> **PROVIDED INFORMATION**:
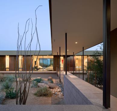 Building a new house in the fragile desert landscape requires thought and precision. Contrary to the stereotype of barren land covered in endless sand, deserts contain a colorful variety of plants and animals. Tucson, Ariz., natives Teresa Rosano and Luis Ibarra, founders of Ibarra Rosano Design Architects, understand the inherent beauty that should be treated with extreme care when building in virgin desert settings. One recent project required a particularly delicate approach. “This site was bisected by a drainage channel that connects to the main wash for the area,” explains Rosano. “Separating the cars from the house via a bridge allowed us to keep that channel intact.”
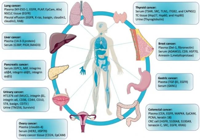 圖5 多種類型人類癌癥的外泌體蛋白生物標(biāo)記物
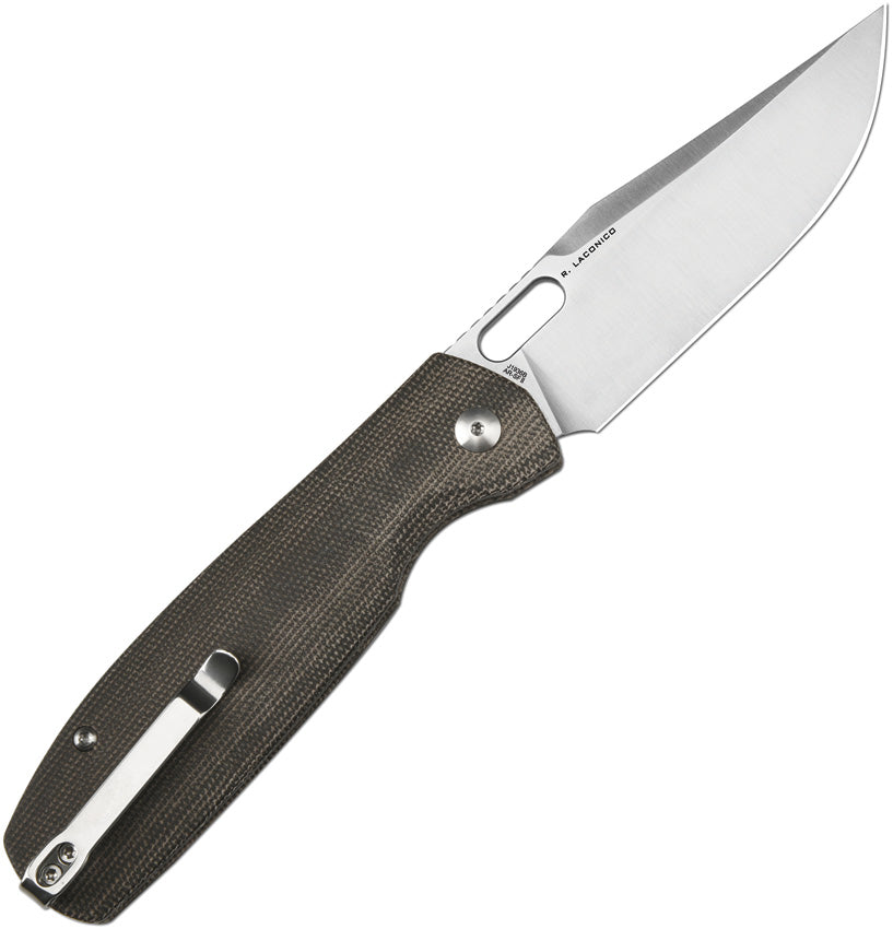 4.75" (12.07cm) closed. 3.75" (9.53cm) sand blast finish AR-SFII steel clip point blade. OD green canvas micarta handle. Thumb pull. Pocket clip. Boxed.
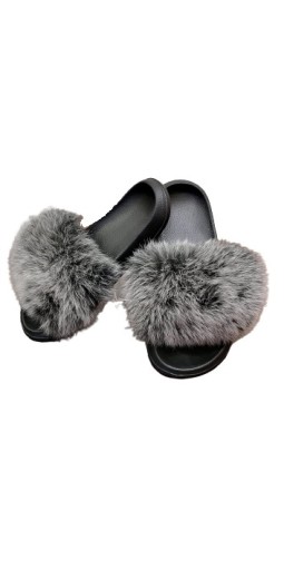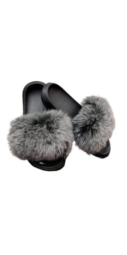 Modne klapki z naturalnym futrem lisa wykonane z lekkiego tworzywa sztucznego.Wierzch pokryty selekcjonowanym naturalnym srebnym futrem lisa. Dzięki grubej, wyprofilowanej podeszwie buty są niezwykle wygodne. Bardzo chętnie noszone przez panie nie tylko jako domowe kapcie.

==

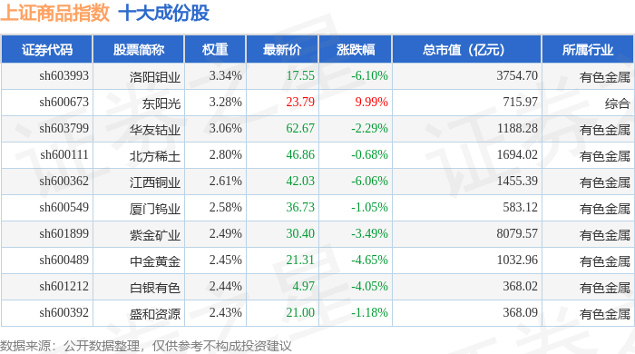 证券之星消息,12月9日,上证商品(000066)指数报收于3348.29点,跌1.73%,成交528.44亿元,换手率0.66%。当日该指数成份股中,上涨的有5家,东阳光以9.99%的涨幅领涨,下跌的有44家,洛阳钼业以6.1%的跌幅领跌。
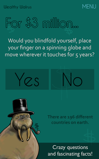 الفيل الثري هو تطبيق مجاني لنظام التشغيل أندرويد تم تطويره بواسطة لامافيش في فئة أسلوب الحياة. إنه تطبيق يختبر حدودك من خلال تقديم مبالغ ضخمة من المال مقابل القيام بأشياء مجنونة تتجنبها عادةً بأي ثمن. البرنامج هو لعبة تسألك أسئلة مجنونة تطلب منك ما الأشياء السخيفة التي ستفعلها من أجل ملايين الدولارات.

...

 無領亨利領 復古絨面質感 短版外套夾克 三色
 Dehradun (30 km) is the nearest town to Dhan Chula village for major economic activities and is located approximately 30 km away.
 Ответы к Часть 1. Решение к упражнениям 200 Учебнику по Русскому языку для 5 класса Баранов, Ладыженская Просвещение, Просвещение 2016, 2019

> **EXERCISE**:
Everything between and including the line above containing "Pocket clip. Boxed." and the line containing "Modne klapki z" should be reproduced exactly, with pictures excluded.

> **TASK SOLUTION**:
 4.75" (12.07cm) closed. 3.75" (9.53cm) sand blast finish AR-SFII steel clip point blade. OD green canvas micarta handle. Thumb pull. Pocket clip. Boxed.
 Modne klapki z naturalnym futrem lisa wykonane z lekkiego tworzywa sztucznego.Wierzch pokryty selekcjonowanym naturalnym srebnym futrem lisa. Dzięki grubej, wyprofilowanej podeszwie buty są niezwykle wygodne. Bardzo chętnie noszone przez panie nie tylko jako domowe kapcie.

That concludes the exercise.